Item 3. Quantitative and Qualitative Disclosures About Market Risk
We are exposed to market risks related to fluctuations in interest rates on our Revolving Credit Facility. We have occasionally utilized derivative instruments, including interest rate swaps, in conjunction with our overall strategy to manage the debt outstanding that is subject to changes in interest rates. We had a $750.0 million Revolving Credit Facility at December 31, 2024, under which borrowings bear interest at a variable rate. A hypothetical 100 basis point increase in interest rates on the $85.0 million of borrowings under the Revolving Credit Facility and the $175.0 million of borrowings under the Term Loan at December 31, 2024, would increase interest expense by approximately $2.6 million on an annual basis. At present, we do not utilize derivative financial instruments.

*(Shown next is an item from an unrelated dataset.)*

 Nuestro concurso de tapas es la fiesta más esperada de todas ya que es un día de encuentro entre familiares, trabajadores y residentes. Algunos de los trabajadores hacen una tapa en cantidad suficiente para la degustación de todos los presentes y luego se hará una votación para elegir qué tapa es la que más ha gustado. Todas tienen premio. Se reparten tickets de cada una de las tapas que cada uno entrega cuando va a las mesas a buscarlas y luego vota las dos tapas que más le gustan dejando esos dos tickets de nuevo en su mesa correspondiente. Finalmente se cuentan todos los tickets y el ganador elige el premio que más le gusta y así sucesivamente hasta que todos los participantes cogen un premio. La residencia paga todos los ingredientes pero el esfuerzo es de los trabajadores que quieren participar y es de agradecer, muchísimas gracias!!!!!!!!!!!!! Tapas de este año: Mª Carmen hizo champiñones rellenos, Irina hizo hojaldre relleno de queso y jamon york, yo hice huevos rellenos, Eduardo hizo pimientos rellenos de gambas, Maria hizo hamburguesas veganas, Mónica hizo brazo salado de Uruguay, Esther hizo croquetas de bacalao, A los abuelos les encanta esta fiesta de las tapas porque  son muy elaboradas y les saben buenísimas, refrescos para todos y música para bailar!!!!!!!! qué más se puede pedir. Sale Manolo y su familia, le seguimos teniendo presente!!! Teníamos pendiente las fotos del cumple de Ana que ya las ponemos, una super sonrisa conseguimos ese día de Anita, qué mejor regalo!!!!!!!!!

We are subject to commodity risk with respect to price changes principally in coal, coke, natural gas, and power. We attempt to limit our exposure to changes in commodity prices by entering into contracts or increasing our use of alternative fuels.

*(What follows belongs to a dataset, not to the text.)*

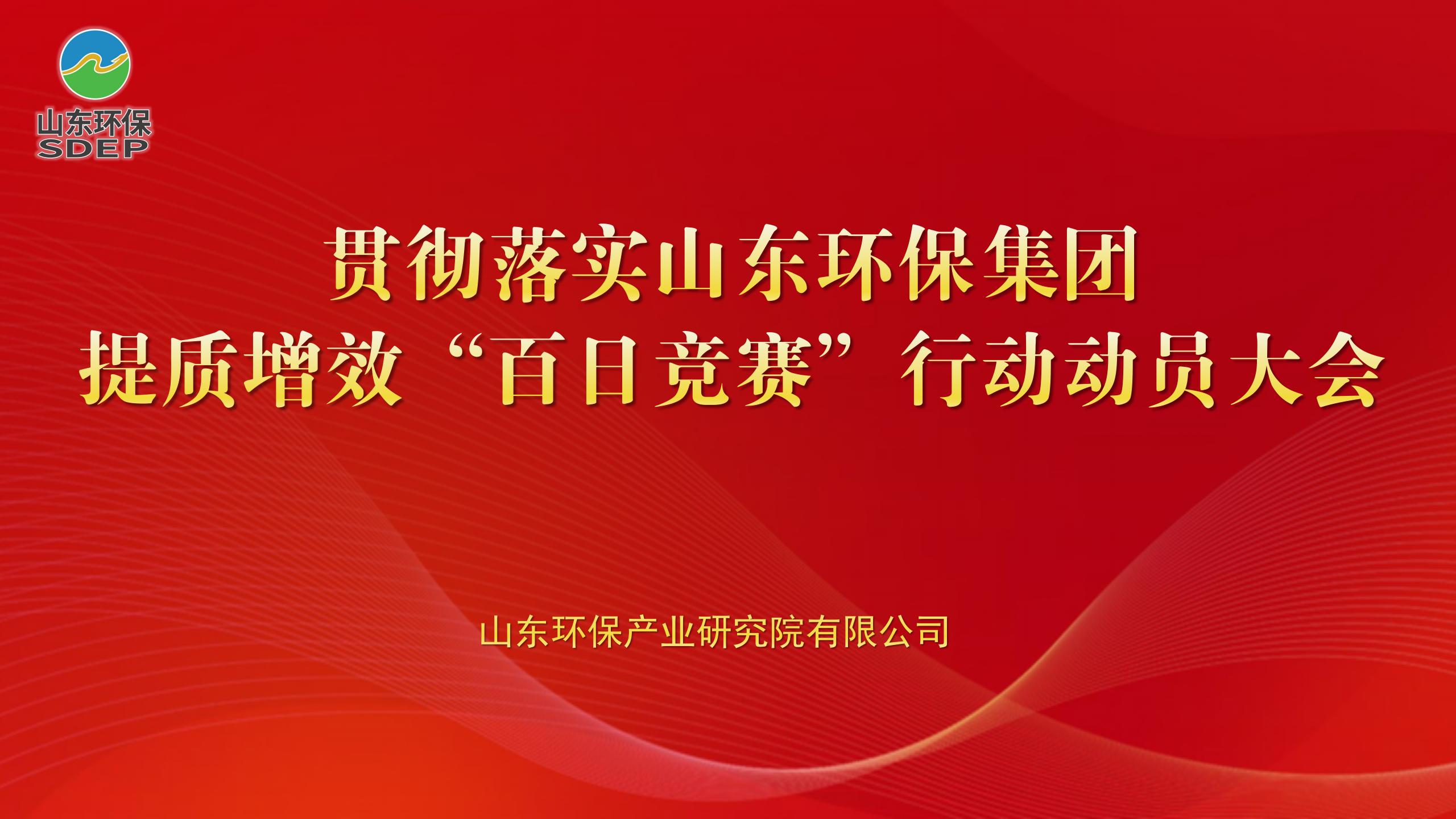 10月10日,山东环保产业研究院有限公司组织召开贯彻落实山东环保集团提质增效“百日竞赛”行动动员大会,要求院全体干部职工坚定信心、勇于开拓、团结奋进,在“百日竞赛”行动中争创佳绩。产业研究院董事长兼总经理张曦出席会议并讲话。

Item 4. Controls and Procedures
We have established a system of disclosure controls and procedures that are designed to ensure that information relating to the Company, which is required to be disclosed by us in the reports that we file or submit under the Securities Exchange Act of 1934 (Exchange Act), is recorded, processed, summarized, and reported within the time periods specified by the SEC’s rules and forms, and that such information is accumulated and communicated to management, including our Chief Executive Officer (CEO) and Chief Financial Officer (CFO), in a timely fashion. An evaluation of the effectiveness of the design and operation of our disclosure controls and procedures (as defined in Rule 13a-15(e) under the Exchange Act) was performed as of the end of the period covered by this quarterly report. This evaluation was performed under the supervision and with the participation of management, including our CEO and CFO. Based upon that evaluation, our CEO and CFO have concluded that these disclosure controls and procedures were effective.

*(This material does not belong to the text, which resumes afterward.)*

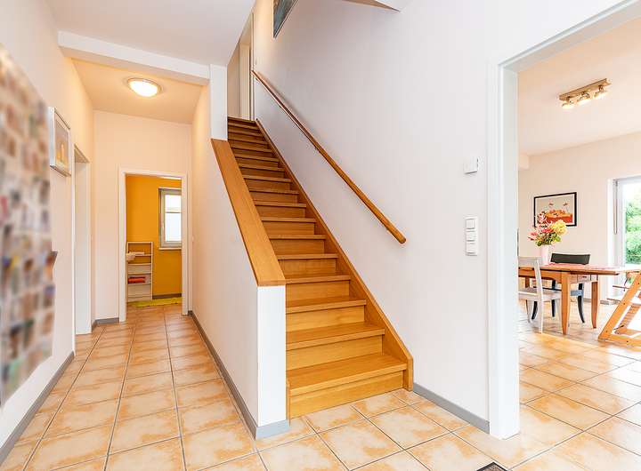 Das in 2013 errichtete Haus besteht aus einem Erdgeschoss und einem Obergeschoss. Durch die Raumaufteilung bietet es für Sie und Ihre Liebsten beste Voraussetzungen für eine optimale Nutzung. Über den rein pragmatischen Aspekt hinaus, besticht es durch seine tolle Belichtung und die warme und wohlige Ausstrahlung. Die Tatsache, dass fast alle Zimmer zweiseitig belichtet sind, sorgt für die gute Helligkeit und Belüftbarkeit, und die in Relation zu den Raumgrößen angenehme Deckenhöhe auf beiden Etagen trägt zur Harmonie des Hauses bei. Außerordentlich angenehm ist auch, dass es im Obergeschoss keine Dachschrägen gibt, so dass alle Wände ausreichend Stellfläche bieten.

PART II. OTHER INFORMATION
Item 1. Legal Proceedings
In February 2023, the EPA published a final rule disapproving the State Implementation Plans (SIPs) for 21 states, which addressed each state’s obligations under the 2015 ozone NAAQS to eliminate significant contributions to nonattainment, or interference with maintenance, in downwind states (interstate transport requirements). States subject to a SIP Disapproval under this final action relevant to our cement operations include Illinois, Kentucky, Missouri, Nevada, Ohio, Oklahoma, and Texas.
In March 2023, the EPA finalized a Federal Implementation Plan (FIP), also known as the “Good Neighbor Plan,” which addresses interstate transport obligations for the 21 states with disapproved SIPs, as well as two additional states that had not submitted any revisions for their SIPs. The FIP went into effect on August 4, 2023, and requires kilns used in cement and cement product manufacturing in 20 states, including Illinois, Kentucky, Missouri, Nevada, Ohio, Oklahoma, and Texas, to comply with nitrogen oxide (NOx) emissions limitations during the ozone season (May 1 to September 30) beginning in 2026. The FIP has not been implemented in 12 of the states with disapproved SIPs due to legal challenges. In January 2024, the EPA proposed to extend the FIP to five additional states.
Our cement plants located in Nevada, Oklahoma, and Texas are most directly affected by the EPA’s SIP Disapprovals and Good Neighbor Plan. Multiple parties have filed lawsuits challenging the EPA’s SIP Disapprovals for 12 states including Nevada, Oklahoma, and Texas. Legal challenges to the EPA’s SIP Disapprovals for Nevada, Oklahoma, and Texas are all ongoing, and have resulted in stays for each of these disapprovals and prevented implementation of the Good Neighbor Plan in these states. In each of these actions, the petitioners have challenged the failure on the part of the EPA to appropriately defer to the applicable state’s analysis and determinations regarding interstate transport obligations. Multiple parties have also filed lawsuits challenging the EPA’s Good Neighbor Plan, resulting in a stay order by the Supreme Court preventing enforcement nationwide, pending resolution of these challenges.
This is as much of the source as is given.